---- DATA LISTING

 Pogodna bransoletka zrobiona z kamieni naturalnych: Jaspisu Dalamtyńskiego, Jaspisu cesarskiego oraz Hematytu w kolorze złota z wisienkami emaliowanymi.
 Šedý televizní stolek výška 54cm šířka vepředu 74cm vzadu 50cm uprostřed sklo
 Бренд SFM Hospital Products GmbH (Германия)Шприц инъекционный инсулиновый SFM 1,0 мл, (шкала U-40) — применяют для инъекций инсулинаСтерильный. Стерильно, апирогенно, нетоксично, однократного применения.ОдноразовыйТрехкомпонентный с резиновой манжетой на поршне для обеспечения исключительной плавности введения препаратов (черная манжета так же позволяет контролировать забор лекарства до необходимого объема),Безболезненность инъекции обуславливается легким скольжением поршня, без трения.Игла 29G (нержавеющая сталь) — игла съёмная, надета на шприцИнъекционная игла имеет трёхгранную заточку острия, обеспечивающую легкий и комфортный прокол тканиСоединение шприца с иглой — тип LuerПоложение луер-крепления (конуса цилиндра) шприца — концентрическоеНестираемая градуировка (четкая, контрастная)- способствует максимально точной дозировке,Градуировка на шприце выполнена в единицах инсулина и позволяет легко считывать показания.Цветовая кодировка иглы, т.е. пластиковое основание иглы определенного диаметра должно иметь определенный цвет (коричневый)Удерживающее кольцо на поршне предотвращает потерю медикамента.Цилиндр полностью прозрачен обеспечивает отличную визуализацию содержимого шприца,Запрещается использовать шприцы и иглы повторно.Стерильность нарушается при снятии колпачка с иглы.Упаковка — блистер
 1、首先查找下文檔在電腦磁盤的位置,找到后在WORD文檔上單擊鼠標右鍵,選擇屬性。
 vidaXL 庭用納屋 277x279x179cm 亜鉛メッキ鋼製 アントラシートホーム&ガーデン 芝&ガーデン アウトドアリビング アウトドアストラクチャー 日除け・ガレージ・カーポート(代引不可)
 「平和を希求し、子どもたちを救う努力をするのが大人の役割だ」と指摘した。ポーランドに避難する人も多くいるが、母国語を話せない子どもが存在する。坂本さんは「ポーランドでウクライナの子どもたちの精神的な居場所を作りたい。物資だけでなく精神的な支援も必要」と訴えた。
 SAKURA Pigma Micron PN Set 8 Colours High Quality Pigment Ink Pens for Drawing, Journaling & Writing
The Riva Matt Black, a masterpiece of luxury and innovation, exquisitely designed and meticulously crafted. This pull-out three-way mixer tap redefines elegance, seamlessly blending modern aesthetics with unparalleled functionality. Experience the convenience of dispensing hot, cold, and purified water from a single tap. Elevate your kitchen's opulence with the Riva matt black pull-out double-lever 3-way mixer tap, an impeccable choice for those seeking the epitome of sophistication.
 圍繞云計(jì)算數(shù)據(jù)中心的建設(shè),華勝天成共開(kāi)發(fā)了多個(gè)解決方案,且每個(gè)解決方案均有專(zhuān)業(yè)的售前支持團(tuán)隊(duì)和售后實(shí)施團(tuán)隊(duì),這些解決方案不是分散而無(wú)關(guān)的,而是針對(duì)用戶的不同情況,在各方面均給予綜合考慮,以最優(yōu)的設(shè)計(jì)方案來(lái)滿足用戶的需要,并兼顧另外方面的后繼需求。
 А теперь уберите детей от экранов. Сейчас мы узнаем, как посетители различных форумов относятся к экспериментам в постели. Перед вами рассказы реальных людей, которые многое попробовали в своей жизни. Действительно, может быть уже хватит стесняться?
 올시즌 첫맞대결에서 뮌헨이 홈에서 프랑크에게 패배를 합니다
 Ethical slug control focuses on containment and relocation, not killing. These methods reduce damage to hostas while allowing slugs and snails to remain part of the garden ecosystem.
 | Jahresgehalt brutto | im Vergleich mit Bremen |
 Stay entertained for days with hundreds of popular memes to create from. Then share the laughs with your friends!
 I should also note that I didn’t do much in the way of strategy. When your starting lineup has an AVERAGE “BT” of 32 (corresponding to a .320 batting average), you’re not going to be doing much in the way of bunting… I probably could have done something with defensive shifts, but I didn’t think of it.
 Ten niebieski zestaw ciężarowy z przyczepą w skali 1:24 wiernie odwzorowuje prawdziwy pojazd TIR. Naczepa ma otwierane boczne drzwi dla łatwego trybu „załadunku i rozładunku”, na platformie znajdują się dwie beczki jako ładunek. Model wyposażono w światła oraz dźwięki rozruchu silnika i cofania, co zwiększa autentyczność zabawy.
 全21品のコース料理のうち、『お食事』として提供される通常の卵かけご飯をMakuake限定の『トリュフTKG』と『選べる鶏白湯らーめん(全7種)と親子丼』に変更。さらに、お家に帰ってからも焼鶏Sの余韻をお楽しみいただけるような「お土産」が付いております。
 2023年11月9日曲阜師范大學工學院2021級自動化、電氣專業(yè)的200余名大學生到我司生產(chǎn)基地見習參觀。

--------

*EXERCISE DESCRIPTION*. The lines above are to be retyped exactly, with none omitted.

*ANSWER SECTION*.
 Pogodna bransoletka zrobiona z kamieni naturalnych: Jaspisu Dalamtyńskiego, Jaspisu cesarskiego oraz Hematytu w kolorze złota z wisienkami emaliowanymi.
 Šedý televizní stolek výška 54cm šířka vepředu 74cm vzadu 50cm uprostřed sklo
 Бренд SFM Hospital Products GmbH (Германия)Шприц инъекционный инсулиновый SFM 1,0 мл, (шкала U-40) — применяют для инъекций инсулинаСтерильный. Стерильно, апирогенно, нетоксично, однократного применения.ОдноразовыйТрехкомпонентный с резиновой манжетой на поршне для обеспечения исключительной плавности введения препаратов (черная манжета так же позволяет контролировать забор лекарства до необходимого объема),Безболезненность инъекции обуславливается легким скольжением поршня, без трения.Игла 29G (нержавеющая сталь) — игла съёмная, надета на шприцИнъекционная игла имеет трёхгранную заточку острия, обеспечивающую легкий и комфортный прокол тканиСоединение шприца с иглой — тип LuerПоложение луер-крепления (конуса цилиндра) шприца — концентрическоеНестираемая градуировка (четкая, контрастная)- способствует максимально точной дозировке,Градуировка на шприце выполнена в единицах инсулина и позволяет легко считывать показания.Цветовая кодировка иглы, т.е. пластиковое основание иглы определенного диаметра должно иметь определенный цвет (коричневый)Удерживающее кольцо на поршне предотвращает потерю медикамента.Цилиндр полностью прозрачен обеспечивает отличную визуализацию содержимого шприца,Запрещается использовать шприцы и иглы повторно.Стерильность нарушается при снятии колпачка с иглы.Упаковка — блистер
 1、首先查找下文檔在電腦磁盤的位置,找到后在WORD文檔上單擊鼠標右鍵,選擇屬性。
 vidaXL 庭用納屋 277x279x179cm 亜鉛メッキ鋼製 アントラシートホーム&ガーデン 芝&ガーデン アウトドアリビング アウトドアストラクチャー 日除け・ガレージ・カーポート(代引不可)
 「平和を希求し、子どもたちを救う努力をするのが大人の役割だ」と指摘した。ポーランドに避難する人も多くいるが、母国語を話せない子どもが存在する。坂本さんは「ポーランドでウクライナの子どもたちの精神的な居場所を作りたい。物資だけでなく精神的な支援も必要」と訴えた。
 SAKURA Pigma Micron PN Set 8 Colours High Quality Pigment Ink Pens for Drawing, Journaling & Writing
The Riva Matt Black, a masterpiece of luxury and innovation, exquisitely designed and meticulously crafted. This pull-out three-way mixer tap redefines elegance, seamlessly blending modern aesthetics with unparalleled functionality. Experience the convenience of dispensing hot, cold, and purified water from a single tap. Elevate your kitchen's opulence with the Riva matt black pull-out double-lever 3-way mixer tap, an impeccable choice for those seeking the epitome of sophistication.
 圍繞云計(jì)算數(shù)據(jù)中心的建設(shè),華勝天成共開(kāi)發(fā)了多個(gè)解決方案,且每個(gè)解決方案均有專(zhuān)業(yè)的售前支持團(tuán)隊(duì)和售后實(shí)施團(tuán)隊(duì),這些解決方案不是分散而無(wú)關(guān)的,而是針對(duì)用戶的不同情況,在各方面均給予綜合考慮,以最優(yōu)的設(shè)計(jì)方案來(lái)滿足用戶的需要,并兼顧另外方面的后繼需求。
 А теперь уберите детей от экранов. Сейчас мы узнаем, как посетители различных форумов относятся к экспериментам в постели. Перед вами рассказы реальных людей, которые многое попробовали в своей жизни. Действительно, может быть уже хватит стесняться?
 올시즌 첫맞대결에서 뮌헨이 홈에서 프랑크에게 패배를 합니다
 Ethical slug control focuses on containment and relocation, not killing. These methods reduce damage to hostas while allowing slugs and snails to remain part of the garden ecosystem.
 | Jahresgehalt brutto | im Vergleich mit Bremen |
 Stay entertained for days with hundreds of popular memes to create from. Then share the laughs with your friends!
 I should also note that I didn’t do much in the way of strategy. When your starting lineup has an AVERAGE “BT” of 32 (corresponding to a .320 batting average), you’re not going to be doing much in the way of bunting… I probably could have done something with defensive shifts, but I didn’t think of it.
 Ten niebieski zestaw ciężarowy z przyczepą w skali 1:24 wiernie odwzorowuje prawdziwy pojazd TIR. Naczepa ma otwierane boczne drzwi dla łatwego trybu „załadunku i rozładunku”, na platformie znajdują się dwie beczki jako ładunek. Model wyposażono w światła oraz dźwięki rozruchu silnika i cofania, co zwiększa autentyczność zabawy.
 全21品のコース料理のうち、『お食事』として提供される通常の卵かけご飯をMakuake限定の『トリュフTKG』と『選べる鶏白湯らーめん(全7種)と親子丼』に変更。さらに、お家に帰ってからも焼鶏Sの余韻をお楽しみいただけるような「お土産」が付いております。
 2023年11月9日曲阜師范大學工學院2021級自動化、電氣專業(yè)的200余名大學生到我司生產(chǎn)基地見習參觀。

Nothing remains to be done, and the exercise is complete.